When I moved to DC, I lived at 11th and K Streets, Northwest.  It was a border area, halfway between the low income neighborhood of Shaw and the office buildings of downtown.  It was dodgy, with prostitutes of all sorts at night, but relatively safe.  I could look out the bathroom window and see the dome of the Capitol.  The White House was a fifteen minute walk away.  As were FBI headquarters, Ford’s Theater, and the Federal Triangle.

I don’t remember what movie I was attending when the following trailer appeared in 1996.

But I do remember my shock at the image of the White House being obliterated.  I remember the crowd cheering immediately thereafter.  (Perhaps this was a reaction to the government shutdown the previous winter.)  I guess my imagination could picture the reality of such an event, and the resulting collateral damage.

Every generation has an event which ends their collective innocence.  The death of President Roosevelt.  The assassination of John F. Kennedy.  The Challenger explosion.  Oklahoma City.  September 11th.  These are national events which connect us, which allow us to compare and share, to unite strangers.  “Where were you when…?”  Too little we celebrate national victories, like November 4th, or July 20th, or September 17th.

That loss of innocence tarnishes our ability to suspend our disbelief over fiction.  Sometimes we are reminded directly of a loss or tragedy.  Sometimes a movie accesses those experiences obliquely, drawing us further into the created reality before us.  Sometimes fiction tries to react to reality, and fails.

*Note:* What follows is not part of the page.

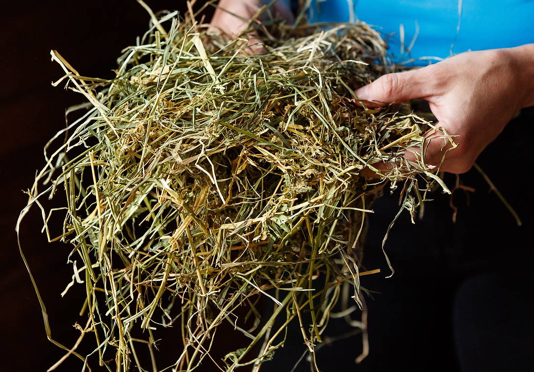 "Hay with the highest digestive energy will be green, have a fine, thin stem, and be soft and flexible. It may smell a little like green tea. Pick the hay up in your hands and rub it: it should feel a little bit gritty." Hay with the lowest digestible energy is "dry and looks like straw. It might feel prickly and smell a little moldy."
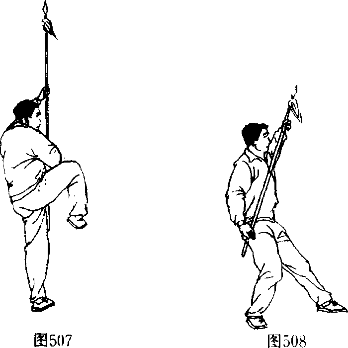 右斜下方拉伸,左臂外展,左手松握,虎口靠近枪尖。眼看正前 方(东)。(图508) -

That happened in 2001, when Marvel had to react to The Tragedy at the World Trade Center.  In a city crowded with superheroes and villains, which had experienced so much destruction in the past (how many times has the Statue of Liberty been damaged and rebuilt?), with so many megalomaniacal madmen running around, how does Marvel editorial explain this intrusion?  What sort of No-Prize explanation can explain the curtain being torn down, exposing the fallacies of a fictional reality?  A madman who rules a small European country with numerous weapons of mass destruction, who has attacked the United States countless times, and no one has tried some “nation building” on Latveria, not even covertly, like the Punisher or another villain.  (Forget New York City, Kingpin, imagine what you could do with an entire country!)  Instead, we see Victor von Doom shedding a tear, as if the pile of destruction downtown was a giant pile of pollution.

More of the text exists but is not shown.